Comment 10 Steve French 2005-11-29 10:27:07 UTC
The kernel trace buffer was too small in your trace attachment to catch the process of interest (umount), but the call stack you just appended has a few plausbile symbols - small_smb_init can not call SendReceive so the call stack is not exact - but it also would be very odd for this to block in kernel sendmsg (which is outside of cifs in tcp code) - if that were the case I wonder if the NetApp server had prematurely killed the session and whether I should be adding a check for dead tcp session before line 539 in CIFSSMBLogoff in fs/cifs/cifssmb.c similarly about line 3309 in fs/cifs/connect.c in cifs_umount we could add a check if SMB and TCP session are dead before trying to send calling CIFSSMBLogoff - but I think the check has to be in CIFSSMBLogoff after the usecount check.
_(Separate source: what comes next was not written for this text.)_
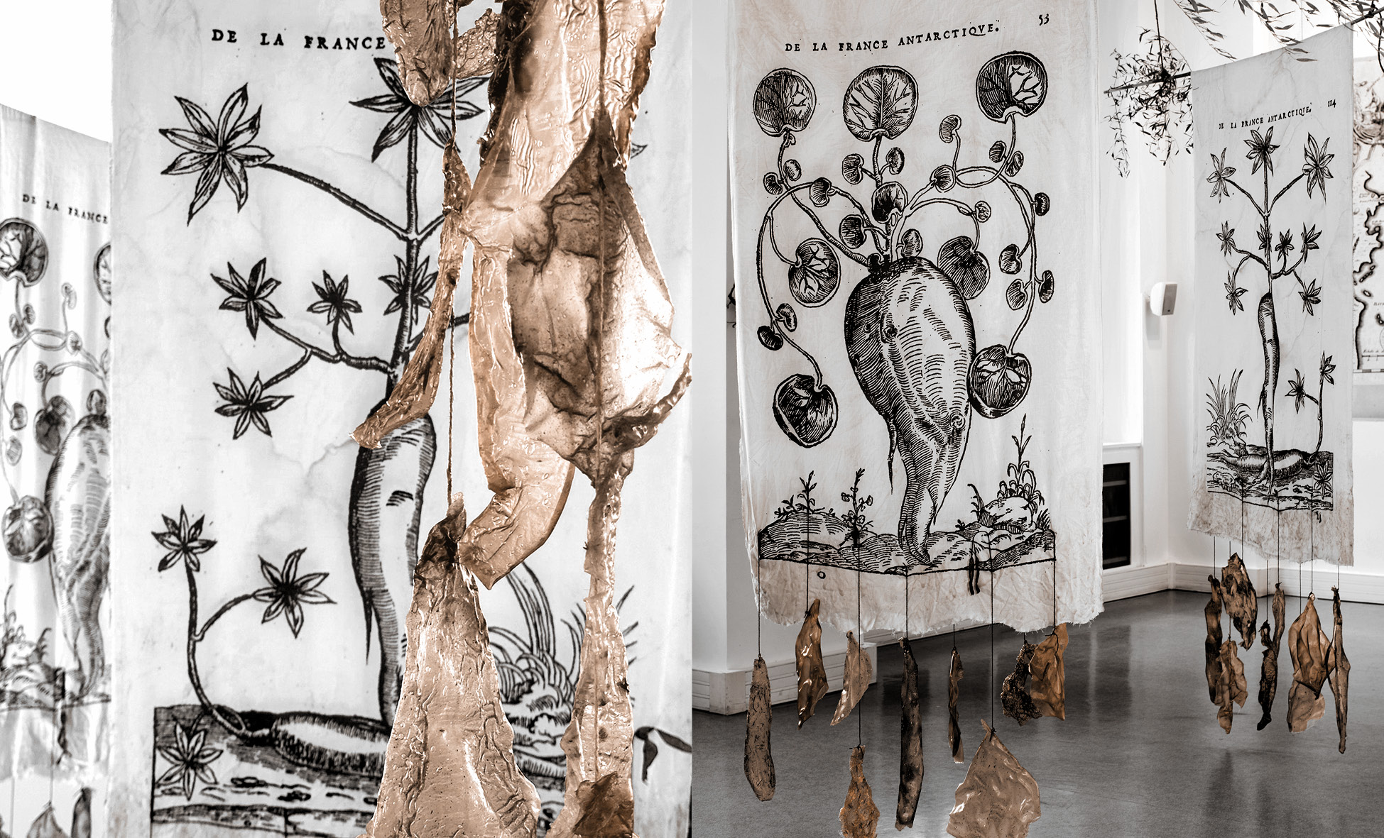 Tout récemment, Bianca Dacosta a démarré un travail d’appropriation d’images archivées à la BnF (Bibliothèque nationale de France). Ces images ont été sélectionnées, d’une part, dans Les singularités de la France Antarctique (1557) et La Cosmographie Universelle (1575) écrits par André Thévet, cosmographe du roi de France, catholique et d’autre part, dans Histoire d’un Voyage fait en la terre du Brésil autrement dite Amérique de Jean de Léry (1536-1613), un Français envoyé en 1556 par Jean Calvin avec treize Genevois en France Antarctique, qui revint de ce voyage en 1560 et dont le livre fut publié en 1578.

Comment 11 Steve French 2005-11-30 15:53:47 UTC
Found a netapp server.  Verified that the bug does exist in their server.   bcc (length of the data area of the smb) really is larger than the total tcp length which is illegal.   cifs code does handle this now - dnotify thread wakes up in about 15 seconds and the request times out.   The message is logged to the kernel error log of course as it is a server bug and could be the kind of thing that a roque server might try to do to corrupt a client (although that is not the case here).  Due to SMB signing issues, it is not really possible to change the frame on the fly and try to "fix" the smb by overwriting the bad byte.  The fix to not hang umount is in cifs 1.39a or later and in cifs-2.6.git

Let me know if you see any subsequent problems.   
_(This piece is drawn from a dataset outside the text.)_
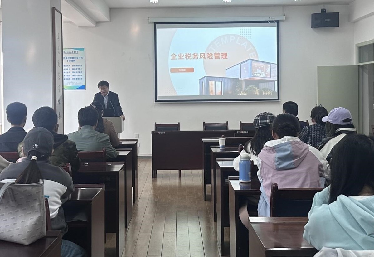 20231027日,应韦德体育官方网站商公司邀请,甘肃方正税务师事务所方斌国所长为公司师生作题为《企业税务风险管理》的学术报告。报告由MPAcc中心主任张烜主持,公司领导、专任教师及研究生共80余人参加了讲座。此次报告是研究生学术活动月系列活动之一。

Comment 12 Eric Valette 2005-12-01 03:10:33 UTC
(In reply to comment #11)
> Found a netapp server.  Verified that the bug does exist in their server.   bcc
> (length of the data area of the smb) really is larger than the total tcp length
> which is illegal.   cifs code does handle this now - dnotify thread wakes up in
> about 15 seconds and the request times out.   The message is logged to the
> kernel error log of course as it is a server bug and could be the kind of thing
> that a roque server might try to do to corrupt a client (although that is not
> the case here).  Due to SMB signing issues, it is not really possible to change
> the frame on the fly and try to "fix" the smb by overwriting the bad byte.  The
> fix to not hang umount is in cifs 1.39a or later and in cifs-2.6.git
> 
> Let me know if you see any subsequent problems.   
> 


Not sure to understand your answer about the -force option : if I use fstab to mount the Network file system, I'm not sure to control the umount options. What can I do in that case?
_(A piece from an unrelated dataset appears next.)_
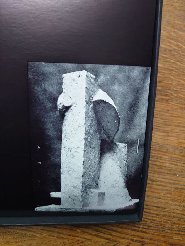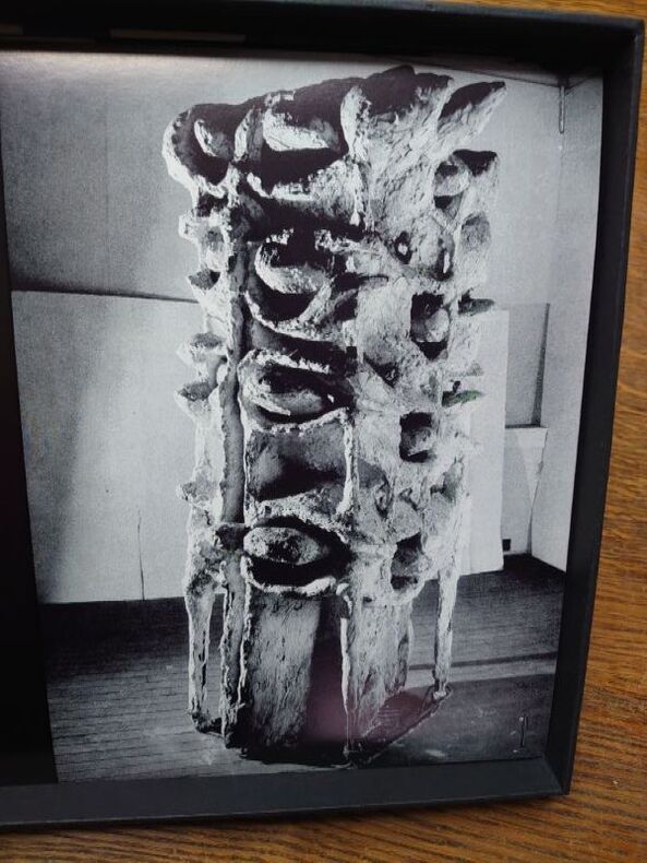 Genève, Editions Claude Givaudan, 1967. 21 X 21 cm. Livre-objet présenté sous une boîte carrée en carton, sérigraphiée sur toutes ses faces (intérieures et extérieures), contenant 62 feuillets carrés. Bel exemplaire. 4 feuillets imprimés sur carton jaune sont le titre, le mode d'emploi, la table et la justification : édition originale tirée à 1204 exemplaires. Les 58 autres feuillets sont imprimés en sérigraphie et illustrés d'une photographie d'une oeuvre d'Étienne Martin (47), 7 sont imprimés en sérigraphie recto/verso, et 4 sont illustrés d'une photographie au recto uniquement. Les photographes : Craven, Robert Descharnes, Leni Iselin, Laurent Pinsard et Marc Vaux.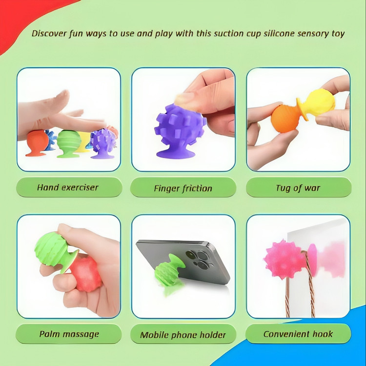 یکی از روش های تحریکات حسی کودکان استفاده از توپ های حسی میباشد ک از بدو تولد میتوان با آن ها بدن نوزاد را ماساژ داد و بعد از آن در حدود سه ماهگی ک نوزاد توانایی در دست گرفتن اجسام را دارد با در دست گرفتن این توپ ها به علت داشتن سطوح لمسی متفاوت تحریکات حسی لازم را دریافت کرده.

Comment 13 Steve French 2005-12-01 09:32:29 UTC
I don't know if you can specify force on umounts done via fstab (although I suspect that root can still specify "umount /mnt --force" and it will work no matter how it will mount), but I thought shutdown did it that way if umount did not respond (not certain).   In any case, it is not  necessary to specify --force, despite the corrupt response from the server, umount will time out in between 15 seconds and 30 seconds.

I did find two other likely NetApp server bugs, although I am not certain how recent the test server is (on the wire their server returns Windows 2000 as its OS and NOS version rather than their actual operating system version) - they return the wrong return code on NTRename (which is used to create Hard Links from Windows clients and of course the Linux cifs client) - instead of returning "error not supported" they return bad directory (apparently they do not support hardlinks via cifs perhaps only via nfs at the momemnt).   In addition I see one additional server problem, which I believe is in the server failing to allow rename of open files (again there is at least one way in which this is allowed and can occur from Windows clients although not as common as it is from the Linux cifs client).    But in general it did fine in the tests that I ran against it yesterday.   There may be newer versions of their server which are even better.
Comment 14 Steve French 2005-12-01 09:34:24 UTC
Fix is also in 2.6.15-rc4 released yesterday evening.